2. If you’ve already finished your education and begun a career, start to picture yourself as a product or service provider. Says Pamela Mitchell, author of The 10 Laws of Career Reinvention, “Stop thinking of yourself as a static job title and start thinking of yourself as a collection of skills and bodies of knowledge.” Mitchell notes that an attorney who prepares defense strategy with clients, creates legal briefs and tries cases in court is employing strategic, writing and presentation skills, augmented by knowledge of the law and the court system. An economics professor who develops a lesson plan, elaborates on his theories in papers, and teaches classes is applying the same set of skills. Either of these people can build their value driving capabilities by adding other skills applicable to their existing bodies of knowledge (for example, group discussion facilitation) and/or acquiring new knowledge (like learning a new language). Always attempt to increase your value by diversifying your skill set, knowledge base, and options for application. “Separating skills from bodies-of-knowledge broadens your range of options and developmental opportunities,” says Mitchell.
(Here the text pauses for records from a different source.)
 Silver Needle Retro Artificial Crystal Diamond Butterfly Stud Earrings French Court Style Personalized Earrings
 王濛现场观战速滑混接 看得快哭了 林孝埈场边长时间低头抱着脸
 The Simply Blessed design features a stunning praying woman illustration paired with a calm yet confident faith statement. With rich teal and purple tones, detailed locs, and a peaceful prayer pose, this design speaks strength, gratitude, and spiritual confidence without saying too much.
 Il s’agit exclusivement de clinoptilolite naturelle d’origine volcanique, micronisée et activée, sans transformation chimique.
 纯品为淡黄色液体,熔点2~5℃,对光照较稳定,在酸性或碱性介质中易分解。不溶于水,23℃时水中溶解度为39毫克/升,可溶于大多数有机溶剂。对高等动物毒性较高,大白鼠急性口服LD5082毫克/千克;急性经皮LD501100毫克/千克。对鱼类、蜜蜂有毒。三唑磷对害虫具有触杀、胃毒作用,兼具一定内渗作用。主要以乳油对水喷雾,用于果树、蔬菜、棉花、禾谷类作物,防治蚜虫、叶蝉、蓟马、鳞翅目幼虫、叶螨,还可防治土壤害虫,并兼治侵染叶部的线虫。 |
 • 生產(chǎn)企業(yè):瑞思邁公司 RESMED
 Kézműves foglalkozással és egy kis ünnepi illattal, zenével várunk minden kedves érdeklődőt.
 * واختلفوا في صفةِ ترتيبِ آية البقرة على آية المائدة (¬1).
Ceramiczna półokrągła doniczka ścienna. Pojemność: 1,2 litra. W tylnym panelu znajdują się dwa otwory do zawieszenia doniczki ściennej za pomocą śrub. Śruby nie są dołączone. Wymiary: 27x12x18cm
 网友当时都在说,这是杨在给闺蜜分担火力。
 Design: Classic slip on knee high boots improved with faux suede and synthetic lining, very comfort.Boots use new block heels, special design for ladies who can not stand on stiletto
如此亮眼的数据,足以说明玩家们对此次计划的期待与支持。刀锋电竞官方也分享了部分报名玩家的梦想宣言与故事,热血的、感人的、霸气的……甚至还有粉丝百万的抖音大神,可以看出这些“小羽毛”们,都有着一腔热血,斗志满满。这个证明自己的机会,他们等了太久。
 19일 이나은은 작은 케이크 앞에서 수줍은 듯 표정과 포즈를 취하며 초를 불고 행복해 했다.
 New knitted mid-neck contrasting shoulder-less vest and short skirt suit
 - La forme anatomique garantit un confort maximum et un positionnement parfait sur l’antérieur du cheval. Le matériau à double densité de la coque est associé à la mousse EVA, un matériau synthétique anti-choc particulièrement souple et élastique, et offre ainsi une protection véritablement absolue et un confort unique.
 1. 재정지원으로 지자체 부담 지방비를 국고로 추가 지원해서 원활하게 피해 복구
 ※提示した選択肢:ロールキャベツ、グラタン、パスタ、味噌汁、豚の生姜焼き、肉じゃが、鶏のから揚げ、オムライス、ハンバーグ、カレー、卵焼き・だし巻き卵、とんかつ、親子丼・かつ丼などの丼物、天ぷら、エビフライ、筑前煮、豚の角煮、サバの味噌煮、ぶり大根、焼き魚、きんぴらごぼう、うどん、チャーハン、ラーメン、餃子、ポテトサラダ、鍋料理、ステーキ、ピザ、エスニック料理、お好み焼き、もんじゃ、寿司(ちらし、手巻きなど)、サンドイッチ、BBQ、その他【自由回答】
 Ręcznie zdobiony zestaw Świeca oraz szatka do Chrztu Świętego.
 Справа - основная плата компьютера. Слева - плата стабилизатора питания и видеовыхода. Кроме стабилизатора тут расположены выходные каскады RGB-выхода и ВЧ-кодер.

3. Wherever you are in your career, plan to continue building a network that constantly enables you to add skills as well as knowledge and options. Make your online and offline networks as broad and inclusive as possible. Seek out people with different skills and bodies of knowledge than you possess. Kahn advises: “Expand your circle of friends, colleagues and associates by intentionally exposing yourselves to others. Attend conferences where you meet and network with different professionals and focus on helping leverage your collective capabilities. Look for strength in others and focus on how you can work together better. Recognize strengths and hone in on ways to capitalize on the value of these strengths. Tap into all the variety and qualities of talent around you.” Kahn also advises continuous formal education to acquire more skills and knowledge whenever possible.

4. Always look for roles that enable you to derive maximum value from who you are and what you’re becoming, instead of trying to fit into pre-determined roles. Says Mitchell, “You can either look for a job…or create a role that uses who you are.” Constantly review your skills, knowledge and options. To find the best applications, Mitchell advises asking yourself, “How are these combinable in different ways and who would benefit from your services?”

5. If you find that one job cannot contain your skills and knowledge, consider developing a portfolio career. “One job may not fully utilize all you have to offer or develop all aspects of your talent and/or network,” says Mitchell. “The answer is having a portfolio career comprised of more than one role which you create for yourself via various combinations of your skills and bodies of knowledge.” For example, you may be a speaker, writer and executive around one or more bodies of knowledge. So rather than leaving some skills and knowledge dormant, continue to develop and express them via one or more roles.

Corporate diversity and inclusion efforts are good business, and personal diversity efforts are good for individuals. Your individual efforts are the best way for you to develop unique, value-driving capabilities and set yourself apart from the crowd in today’s highly-competitive, rapidly-changing global business environment. As Mitchell puts it, “homogeneity is out, diversity is in!” This is as true for people as it is for organizations, so diversify yourself.

Joe Santana is Senior Director, Diversity for Siemens USA, and a member of the INSIGHT Into Diversity Editorial Board.